:: EXERCISE DIRECTIONS ::
Write down exactly what lies from the line containing "A solar system" to the end of the records, inclusive, and omit the pictures.

Records contained in a dataset

┄┄┄┄┄┄

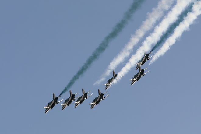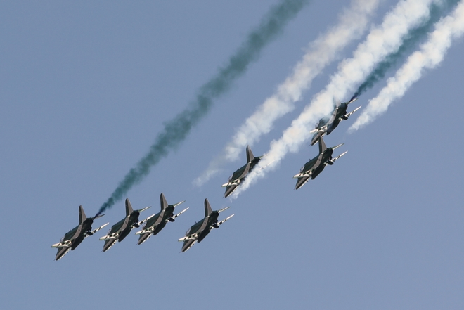 Σμήνος μαχητικών αεροσκαφών πραγματοποίησε πτήσεις πάνω από την Αθήνα το απόγευμα της Τετάρτης.
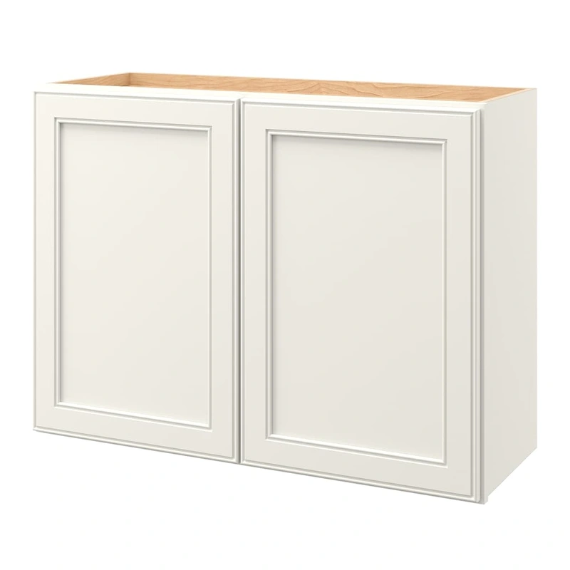 The McKeller Linen Wall Cabinet by allen + roth offers an elegant storage solution for modern kitchens, featuring a crisp white finish that complements any dcor. Built with a blend of hardwoods and engineered materials, it provides superior durability and seamless style with its flat panel square door design. Installed fully assembled, this cabinet combines aesthetics with functionality, making it a perfect fit for your home improvement project.
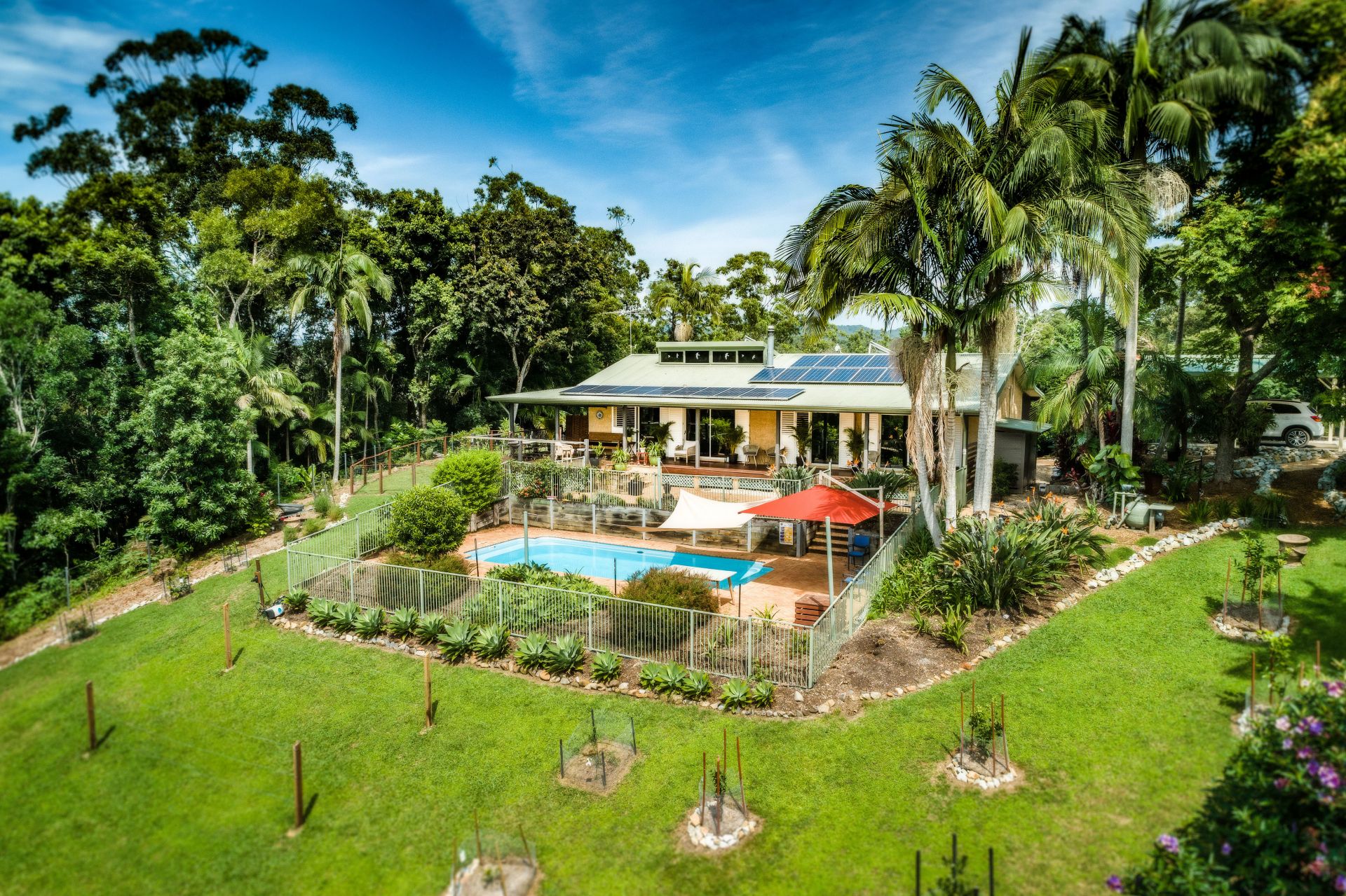 A solar system with 3 batteries, and a variety of garden beds and fruit trees allow you to create your self-sufficient haven. And importantly, you have water security galore! With 4 rainwater tanks, a bore with excellent quality water sourced direct from Dorrigo National Park. There is even a little storybook creek at the bottom of the property.
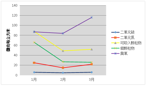 臭氧:最大日均浓度值为201微克每立方米;季均浓度值为91微克每立方米。
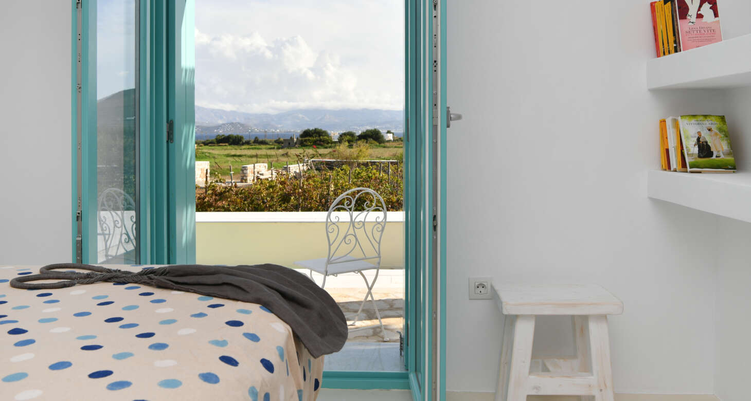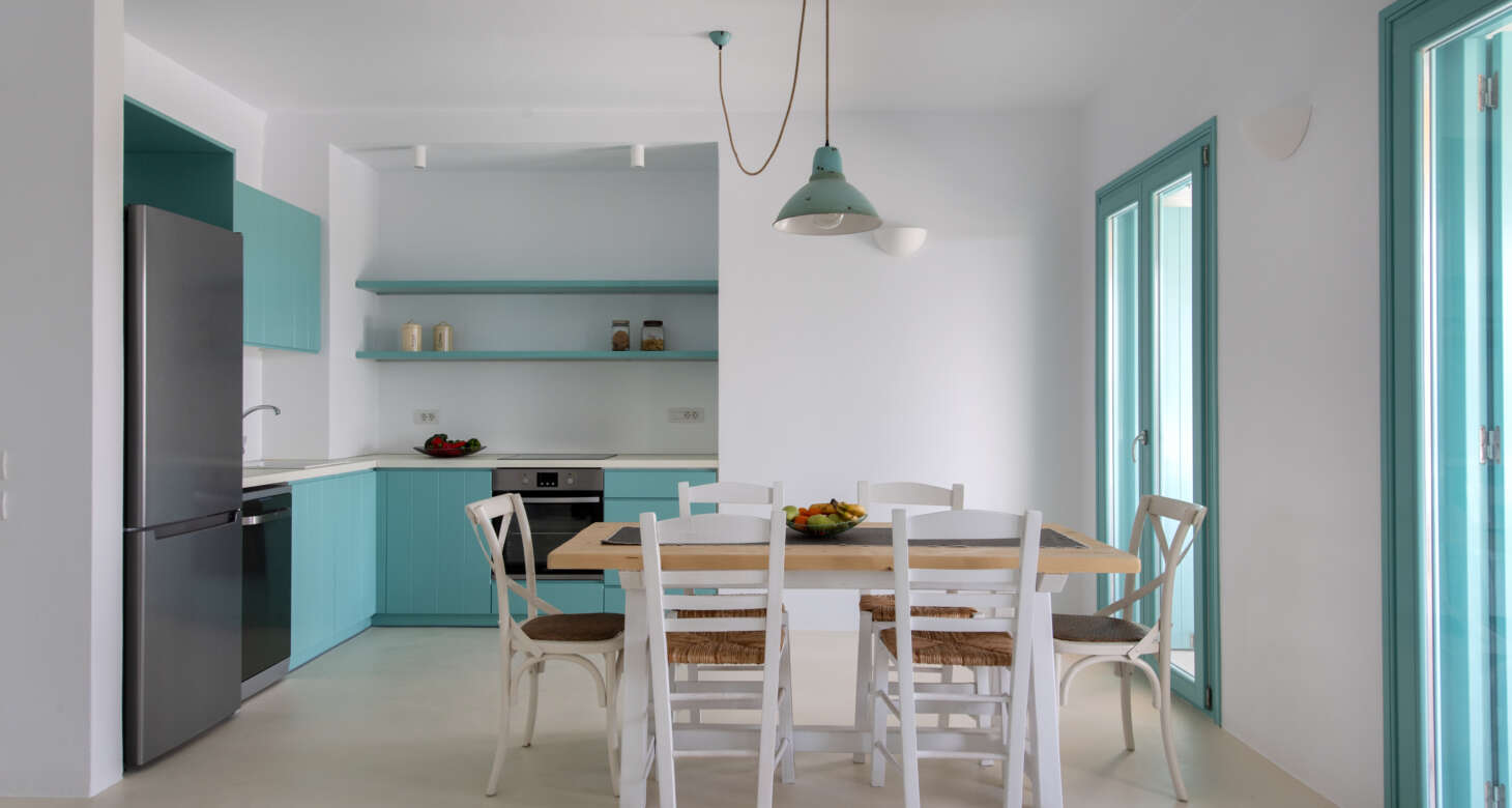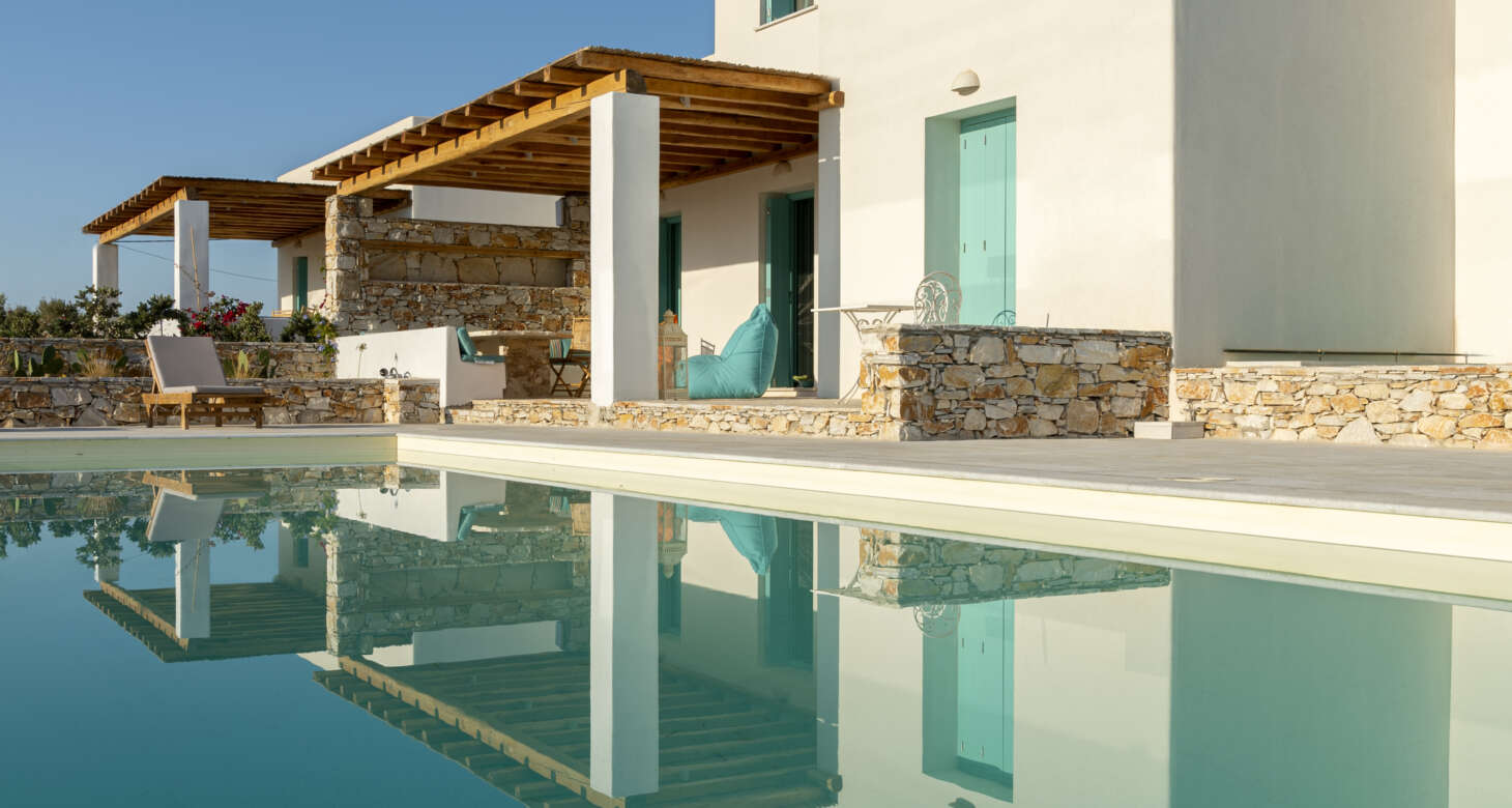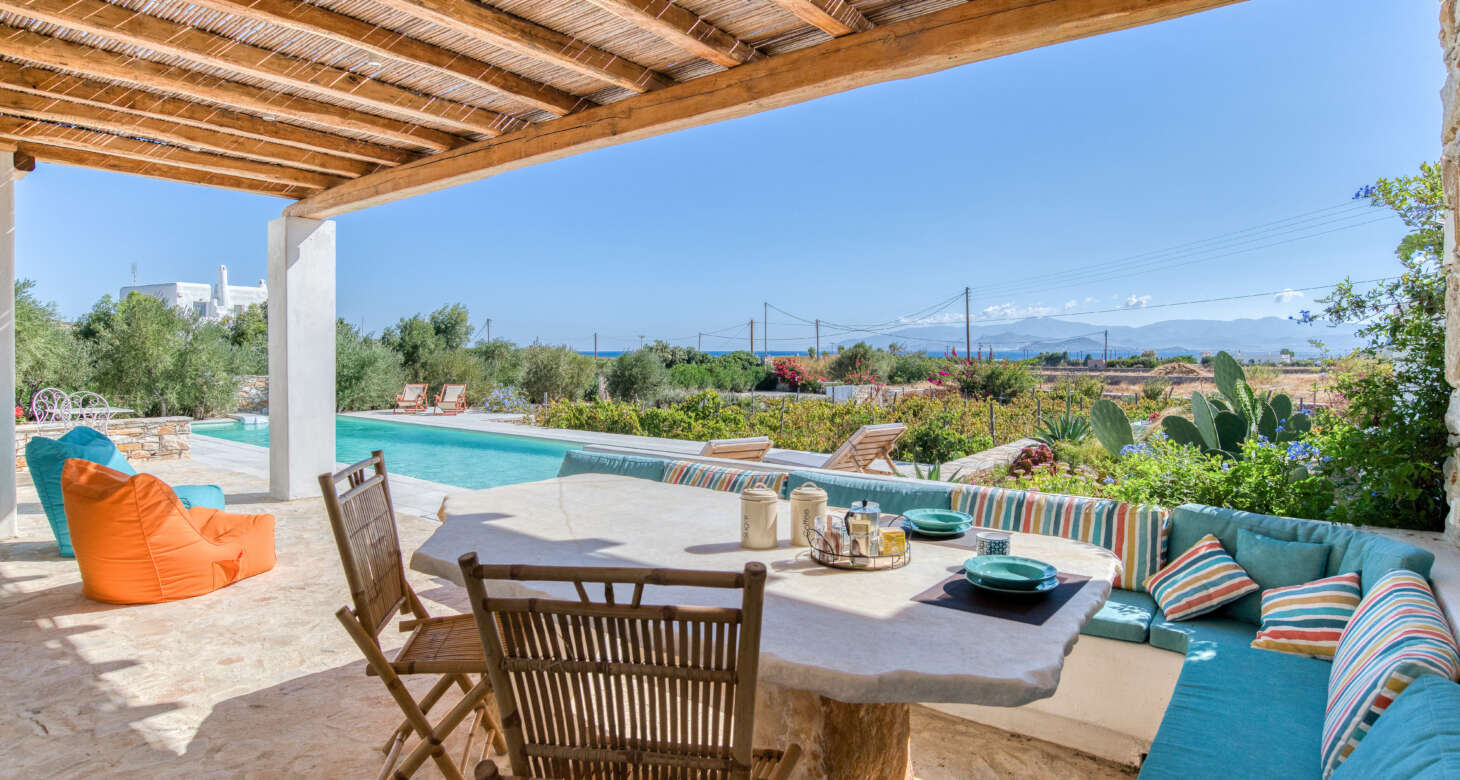 Welcome to Villa Natura II, a radiant burst of color and charm set against the backdrop of Tsoukalia’s serene landscape. This remarkable property is a vibrant symphony of mint hues, evoking a sense of playfulness and tranquility. From the fabrics to the stones, every detail has been meticulously crafted to infuse the space with the spirit of a traditional island home, while embracing a contemporary twist.

┄┄┄┄┄┄

:: ANSWER BELOW ::
 A solar system with 3 batteries, and a variety of garden beds and fruit trees allow you to create your self-sufficient haven. And importantly, you have water security galore! With 4 rainwater tanks, a bore with excellent quality water sourced direct from Dorrigo National Park. There is even a little storybook creek at the bottom of the property.
 臭氧:最大日均浓度值为201微克每立方米;季均浓度值为91微克每立方米。
 Welcome to Villa Natura II, a radiant burst of color and charm set against the backdrop of Tsoukalia’s serene landscape. This remarkable property is a vibrant symphony of mint hues, evoking a sense of playfulness and tranquility. From the fabrics to the stones, every detail has been meticulously crafted to infuse the space with the spirit of a traditional island home, while embracing a contemporary twist.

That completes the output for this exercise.